Even though Factual's UI is more appealing at this time, there is very little available data for clients at this point. Granted Factual tends to focus on as complete and accurate data as possible, while InfoChimp took the approach of throwing as much random data sets up as possible. A happy medium needs to be sought.
As stated, all these data repository services and even the Data.gov site need to organize their data better to make it more appealing to clients. Use the standard practices of e-commerce sites (categories, search filters, sort by popularity/date, reviews of the data, sample of the data, recommendation engine, tags, etc.)
I'm all about free data in the end, so is there a way for these services to figure out a different business model that doesn't rely solely on selling premium data sets? Maybe not, but I think it would be better if they not only offered raw data, but offered analytical services to clients, to help them crunch through the available data sets since many clients won't have the necessary resources to draw meaningful results themselves.
There are plenty of risks when it comes to Big Data. I'm sure people got defensive when I mentioned how many things don't have numbers, since it calls up the idea of Big Brother and even the Holocaust when everyone will be branded with a number. Frankly, although numbers are the easiest method, as seen in India's current push to get ID numbers to their population, there are other means of identification available to us. A simple example would be a web-standard identification name. Currently that tends to be people's email address, but it can get a bit more standardized than that, where you register your dominant email address with some organization as your primary web ID. Then using some hash code of that ID, we can have a global identifier based on individual choice as opposed to assignment.
A bigger risk of Big Data is that people tend to fall under the false assumption that more data is better. Honestly, most data being collected is junk. We need to be able to recognize what data is meaningful and when it is worthwhile to try to sort through data. A good example here is that day-traders love data crunching software that returns the latest high/low trends of a stock with historical performance and maybe a comparison to the values of competitors. But a value investor should not be letting the daily fluctuations dictate his investment decisions, for it is more important to assess strategy, leadership, deals in the pipeline, and other long-term factors that don't require large data sets.
Technology has improved but can still go further. I don't have any in-depth experience with NoSql solutions and how they deal with large data, so I cannot speak too much about it all. But I would imagine that time will make the documentation and adoption of these solutions more mainstream. Relational databases are great for smaller data sets that are more static, but with the demands of Big Data, the new suite of solutions will hold the key.

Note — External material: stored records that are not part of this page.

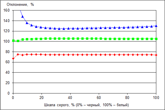Стабильность цветовой температуры объясняется тем, что основные цвета хорошо сбалансированы по всей шкале серого.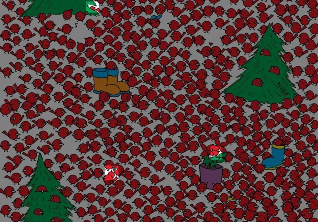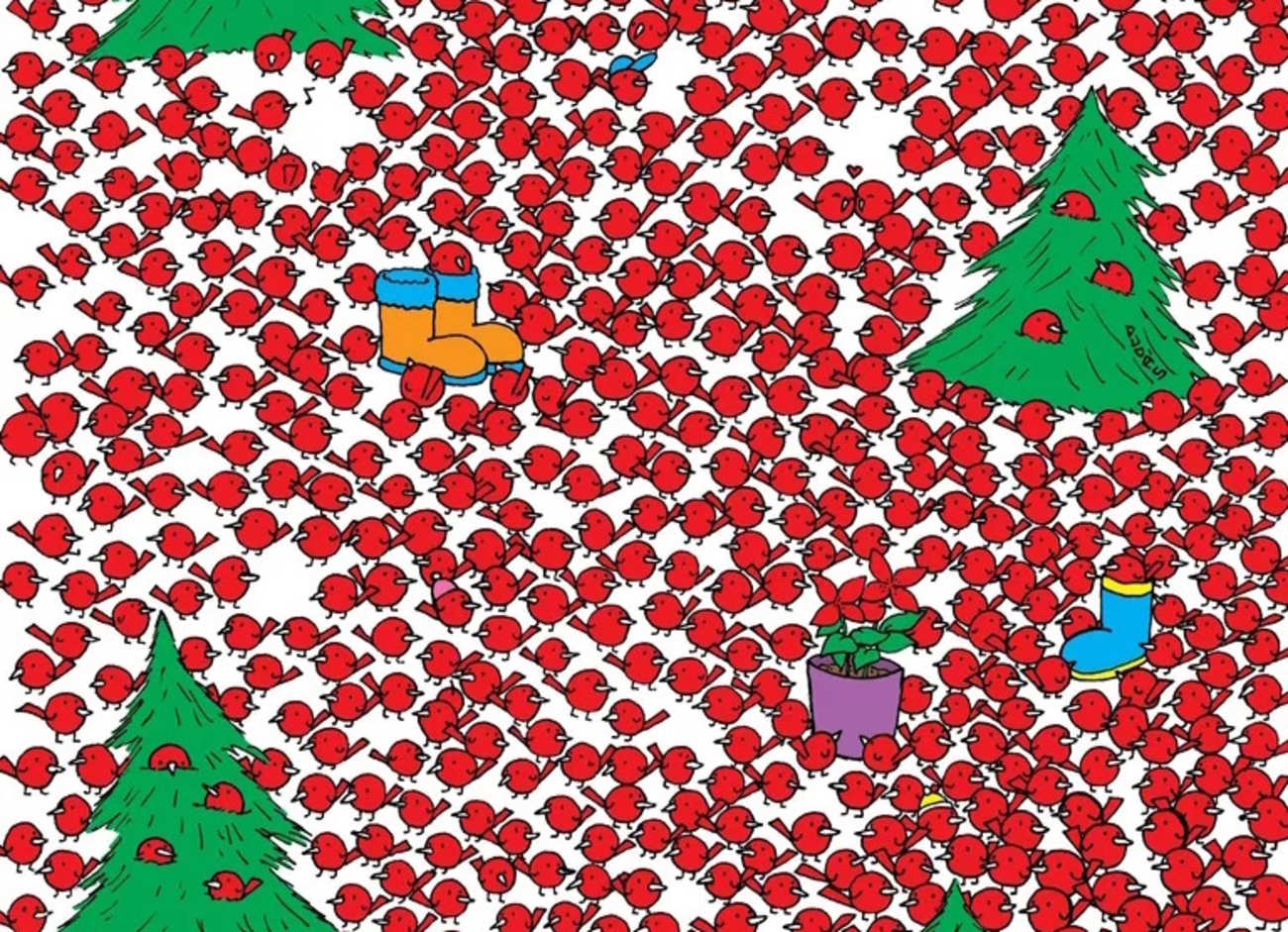 На малюнку художник зобразив безліч пташок червоного кольору. На перший погляд, їх не можна відрізнити від яблук. Для успішного вирішення завдання потрібно зосередитися на головоломці, але не брати до уваги пташок.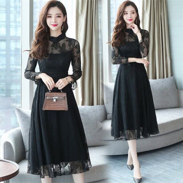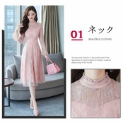 連携キーワード:ワンピース レディース 40代 秋 マキシ丈ワンピース きれいめ 長袖 レースドレス 上品 マキシ丈ワンピース 結婚式 ドレス 通勤 オシャレ 着痩せ ロング丈 3色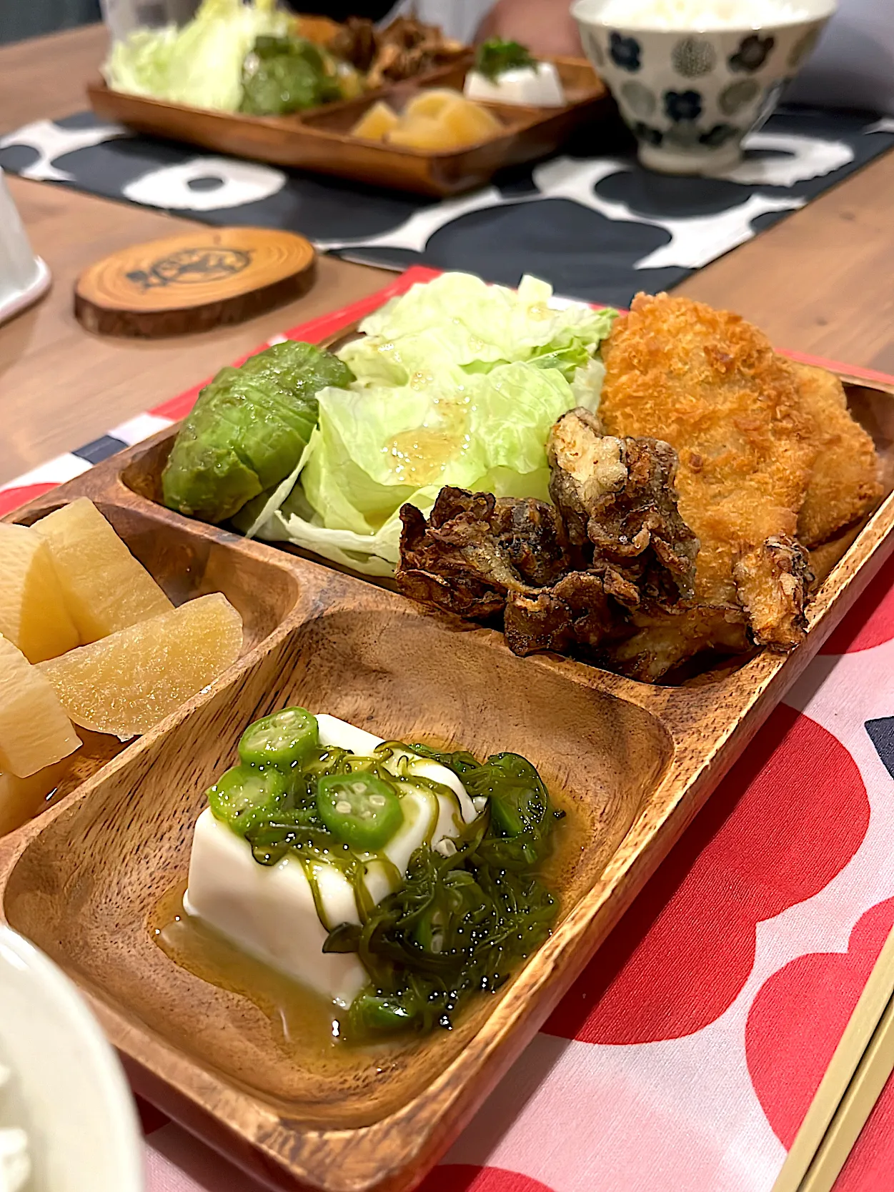#3人家族 #簡単料理 #晩御飯 #舞茸 #唐揚げ #鯵 #サラダ #揚げ物 #魚料理 #簡単料理 #めかぶ #オクラ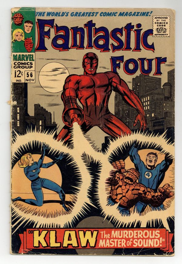 Ends Mar 9 8:01 PM CST Bid History 5 bids Current Bid $22 Your Secret Max Bid If you'd like to bid, please log in or register. Cover pencils by Jack Kirby, inks by Joe Sinnott. Klaw The Murderous Master of Sound!, script by Stan Lee, pencils by Jack Kirby, inks by Joe Sinnott; Klaw attacks the Baxter Building. The Silver Surfer, the Inhumans, Doctor Doom, and the Black Panther all have brief appearances. 36 pgs. $0.12. Cover price $0.12.

Big Data is still in its infancy and I would love to see more people apply themselves towards this direction. But as stated in the last entry, people and projects follow the money, and we are still more concerned about making a quick buck from silo-ed niche information than trying to tackle how to standardize and organize the scary mass of data out there.
Just consider, Google is not known as a content producer or provider, but more as a searcher, organizer, aggregator. But even then, their data still has much area of improvement.